Top Subscription Models & Use Cases
- Flat Fee / Fixed-Rate: Simple, predictable billing is best for services with consistent, high-frequency usage.
- Tiered Pricing: Features different levels of access, allowing customers to choose based on needs and budget.
- Usage-Based / Pay-As-You-Go: Charges based on consumption (e.g., API calls, cloud storage), aligning costs with value.
- Freemium: Offers a free base service, driving user acquisition with optional paid premium features.
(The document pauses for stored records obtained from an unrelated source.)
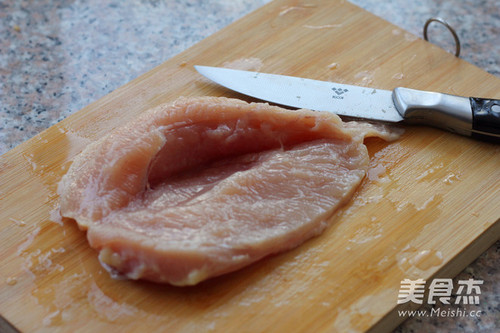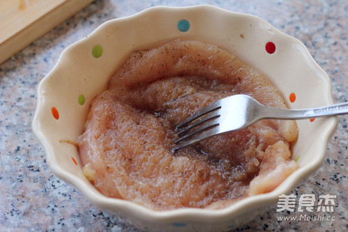 步骤9、把彩椒香菇丁包裹在鸡肉中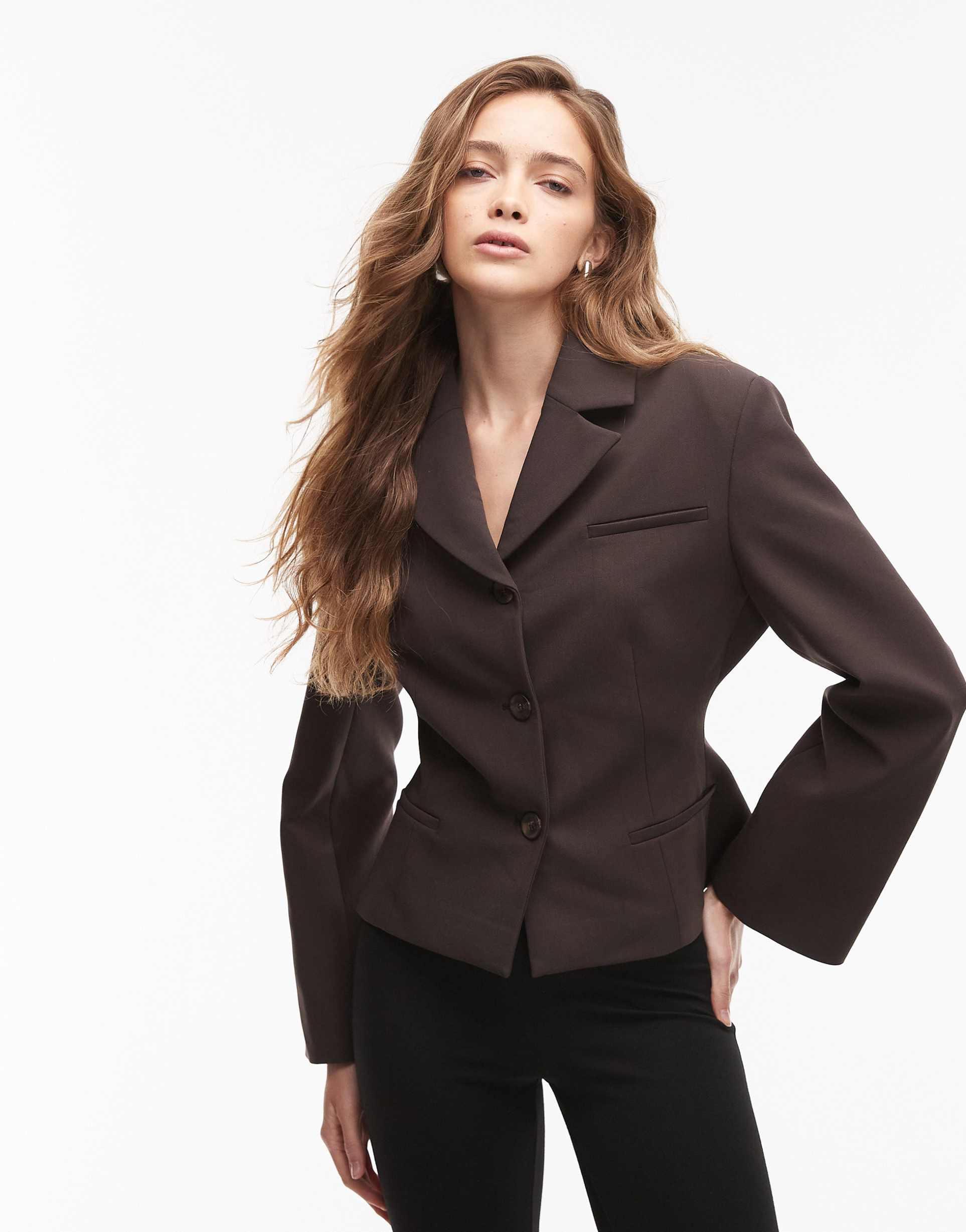 structured brown blazer with padded shoulders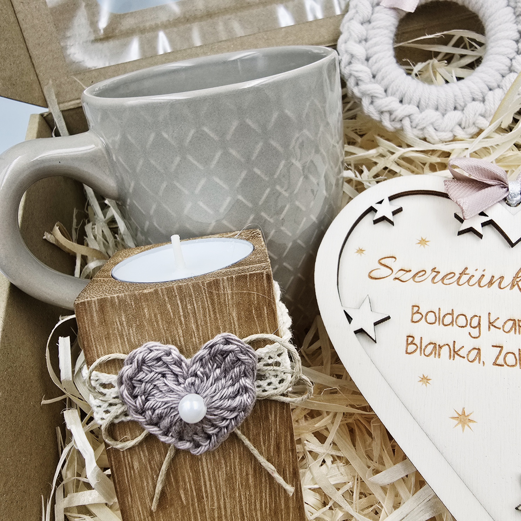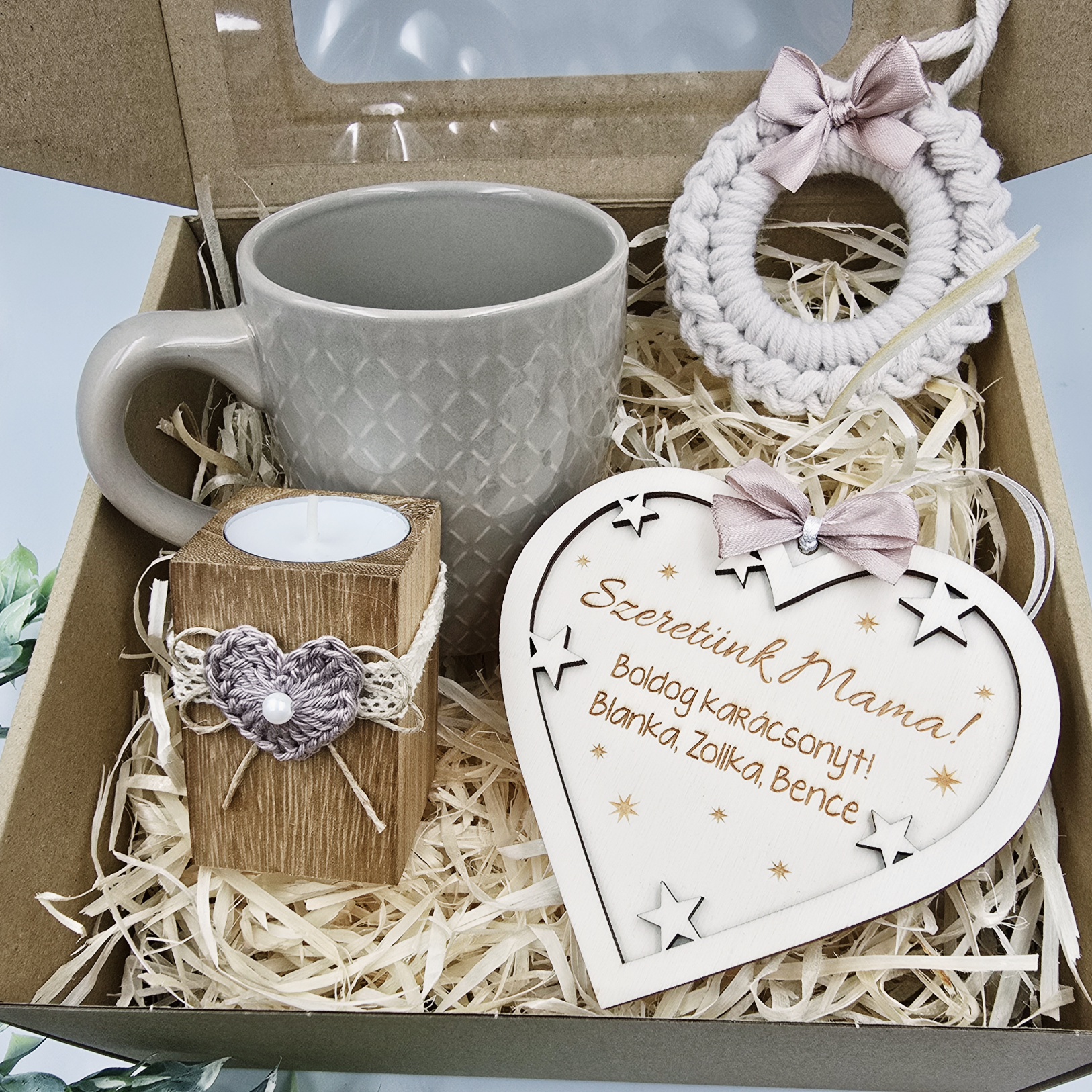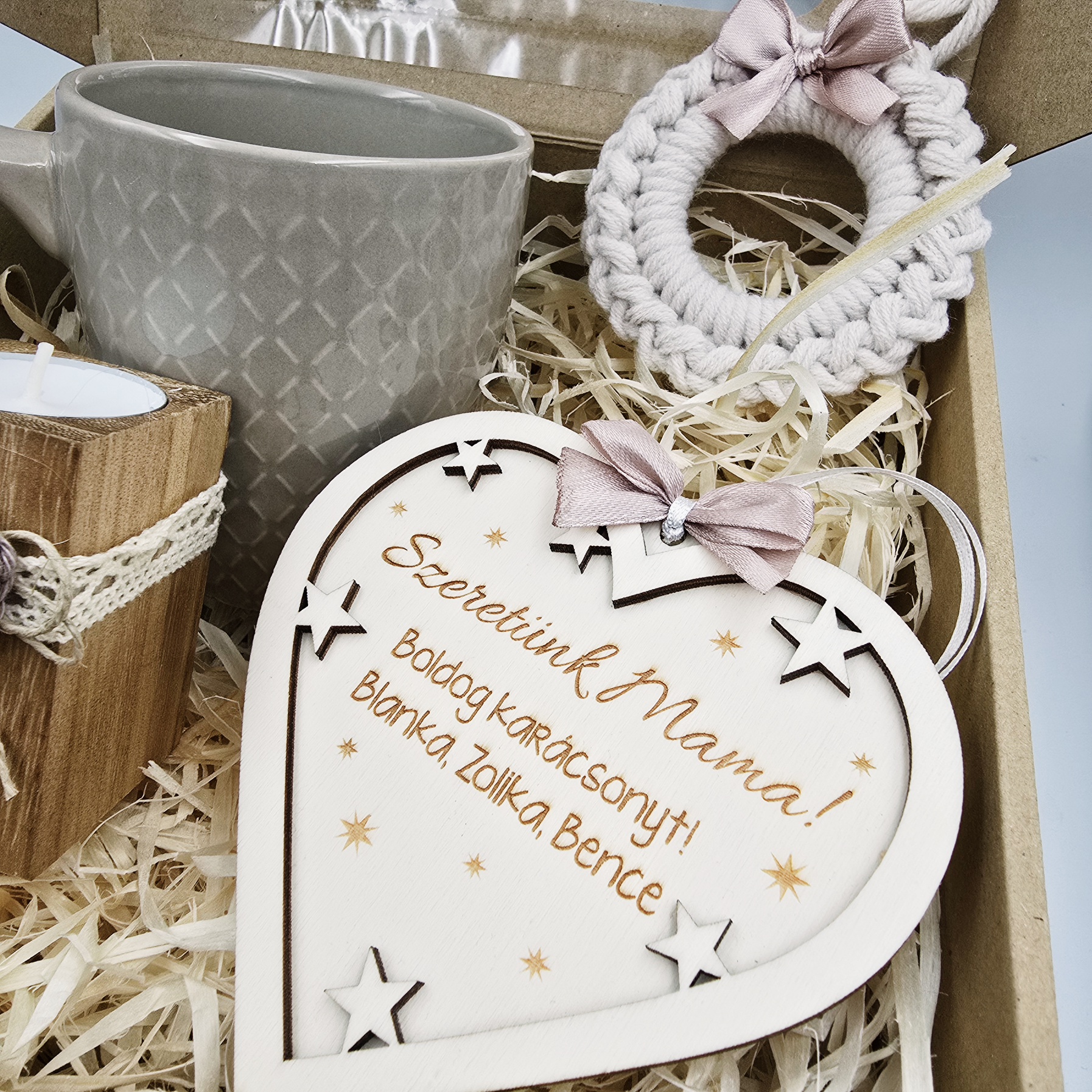 Karácsonyi ajándékdoboz bögrével, mécsessel és gravírozott dísszel – kézműves ajándék karácsonyra

- Subscription Box / Curation: Regular delivery of physical goods, ideal for niche, recurring consumer needs.
Key Takeways
Subscription payments are no longer optional. They are becoming a core revenue model for modern businesses in India. With the rise of digital payments, tools like e-mandates and UPI AutoPay have made recurring billing more accessible and secure.
However, success depends on choosing the right subscription payment gateway in India. Businesses must ensure compliance with RBI regulations while delivering a seamless user experience. When done right, recurring billing can unlock steady growth, higher retention, and long-term customer value.
FAQs
1. What is the difference between UPI AutoPay and e-mandate for recurring payments?
UPI AutoPay offers instant setup with UPI PIN authentication, works up to ₹15,000 (₹1 lakh for insurance/mutual funds/lending). ENACH takes 4 days to process but supports unlimited transaction amounts. Choose based on subscription value and customer urgency for access.
2. Can I store customer card details for recurring subscription payments?
No, RBI prohibits storing actual card data. You must use tokenisation to replace card numbers with secure tokens. CVV storage violates PCI DSS Requirement 3.2. Non-compliance risks fines and suspended payment processing.
3. What transaction limits apply to UPI AutoPay for my subscription business?
Standard limit is ₹15,000 per transaction. Insurance (MCC 6300), mutual funds (MCC 6211), securities (MCC 6012), and lending businesses qualify for ₹1 lakh per transaction. Verify your Merchant Category Code with your payment gateway.
4. Do I need to send pre-transaction notifications before auto-debiting payments?
Yes, RBI mandates SMS/email 24 hours before recurring payment execution. Card payments above ₹5,000 require OTP for every transaction. UPI AutoPay and eNACH have built-in compliant notification systems.
5. How long does subscription payment mandate setup take?
UPI AutoPay: Instant—customer authorises with UPI PIN in real-time. ENACH: 4 days (2 days destination bank + 2 days sponsor bank). Card tokenisation: Instantly after the customer completes OTP verification during initial setup.